> _Exercise details_: Find the line with "광장일보 이현나 기자" and the line with "近年、スマートフォン・タブレ" in the entries below; output exactly those two lines, every line between them, and no others.

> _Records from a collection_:

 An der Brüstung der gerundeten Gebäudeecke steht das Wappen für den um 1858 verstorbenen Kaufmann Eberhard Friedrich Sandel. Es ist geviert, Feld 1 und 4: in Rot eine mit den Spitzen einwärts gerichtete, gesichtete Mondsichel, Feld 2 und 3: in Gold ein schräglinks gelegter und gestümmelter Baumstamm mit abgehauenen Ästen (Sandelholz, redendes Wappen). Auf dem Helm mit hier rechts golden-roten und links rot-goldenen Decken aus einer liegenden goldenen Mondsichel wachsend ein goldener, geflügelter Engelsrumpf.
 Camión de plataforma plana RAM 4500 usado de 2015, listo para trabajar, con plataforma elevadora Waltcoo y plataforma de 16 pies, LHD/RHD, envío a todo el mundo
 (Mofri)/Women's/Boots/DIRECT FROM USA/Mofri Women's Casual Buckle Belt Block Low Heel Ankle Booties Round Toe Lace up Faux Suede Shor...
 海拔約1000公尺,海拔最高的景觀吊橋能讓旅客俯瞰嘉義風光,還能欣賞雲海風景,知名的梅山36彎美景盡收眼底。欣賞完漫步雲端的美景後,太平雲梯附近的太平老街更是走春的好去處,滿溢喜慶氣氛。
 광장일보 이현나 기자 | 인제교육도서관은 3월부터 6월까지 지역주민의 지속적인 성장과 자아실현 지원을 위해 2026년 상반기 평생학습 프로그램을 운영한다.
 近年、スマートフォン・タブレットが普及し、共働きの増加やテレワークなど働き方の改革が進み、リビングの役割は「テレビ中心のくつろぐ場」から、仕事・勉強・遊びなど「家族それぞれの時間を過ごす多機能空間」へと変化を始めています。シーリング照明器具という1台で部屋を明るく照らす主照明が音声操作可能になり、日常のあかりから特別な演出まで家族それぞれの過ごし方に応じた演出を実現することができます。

...

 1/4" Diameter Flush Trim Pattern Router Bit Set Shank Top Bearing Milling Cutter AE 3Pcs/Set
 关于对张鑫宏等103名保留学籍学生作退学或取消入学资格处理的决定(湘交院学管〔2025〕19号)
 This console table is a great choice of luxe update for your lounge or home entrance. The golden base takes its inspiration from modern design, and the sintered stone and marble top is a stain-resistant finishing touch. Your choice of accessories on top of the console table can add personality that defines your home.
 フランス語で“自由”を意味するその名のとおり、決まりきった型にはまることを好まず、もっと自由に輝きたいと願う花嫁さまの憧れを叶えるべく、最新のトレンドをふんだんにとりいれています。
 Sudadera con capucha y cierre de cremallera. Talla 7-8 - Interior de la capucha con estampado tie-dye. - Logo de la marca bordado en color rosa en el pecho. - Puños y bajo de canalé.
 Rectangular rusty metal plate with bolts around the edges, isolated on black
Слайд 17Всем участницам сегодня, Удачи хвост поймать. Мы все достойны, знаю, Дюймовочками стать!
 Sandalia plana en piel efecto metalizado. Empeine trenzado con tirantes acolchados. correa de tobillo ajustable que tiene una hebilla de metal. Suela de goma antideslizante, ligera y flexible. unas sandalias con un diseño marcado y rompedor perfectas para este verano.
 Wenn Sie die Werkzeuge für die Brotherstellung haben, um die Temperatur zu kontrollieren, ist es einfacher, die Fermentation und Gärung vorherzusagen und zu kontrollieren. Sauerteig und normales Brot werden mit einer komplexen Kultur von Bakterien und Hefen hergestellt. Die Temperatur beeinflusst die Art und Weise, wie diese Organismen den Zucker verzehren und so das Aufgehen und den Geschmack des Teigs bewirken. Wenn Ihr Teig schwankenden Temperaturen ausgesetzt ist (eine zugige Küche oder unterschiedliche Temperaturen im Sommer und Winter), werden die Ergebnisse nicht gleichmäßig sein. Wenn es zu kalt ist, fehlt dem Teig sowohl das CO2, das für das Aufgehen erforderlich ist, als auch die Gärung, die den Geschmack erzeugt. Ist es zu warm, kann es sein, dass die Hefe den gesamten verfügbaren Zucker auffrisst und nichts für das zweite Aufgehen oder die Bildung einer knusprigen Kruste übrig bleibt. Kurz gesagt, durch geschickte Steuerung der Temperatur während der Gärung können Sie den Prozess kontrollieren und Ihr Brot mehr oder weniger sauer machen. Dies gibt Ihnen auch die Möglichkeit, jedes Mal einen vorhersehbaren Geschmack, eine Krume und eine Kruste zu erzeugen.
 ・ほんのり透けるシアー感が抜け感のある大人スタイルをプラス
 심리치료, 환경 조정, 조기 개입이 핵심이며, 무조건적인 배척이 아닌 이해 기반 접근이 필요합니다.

> _Answer box_:
 광장일보 이현나 기자 | 인제교육도서관은 3월부터 6월까지 지역주민의 지속적인 성장과 자아실현 지원을 위해 2026년 상반기 평생학습 프로그램을 운영한다.
 近年、スマートフォン・タブレットが普及し、共働きの増加やテレワークなど働き方の改革が進み、リビングの役割は「テレビ中心のくつろぐ場」から、仕事・勉強・遊びなど「家族それぞれの時間を過ごす多機能空間」へと変化を始めています。シーリング照明器具という1台で部屋を明るく照らす主照明が音声操作可能になり、日常のあかりから特別な演出まで家族それぞれの過ごし方に応じた演出を実現することができます。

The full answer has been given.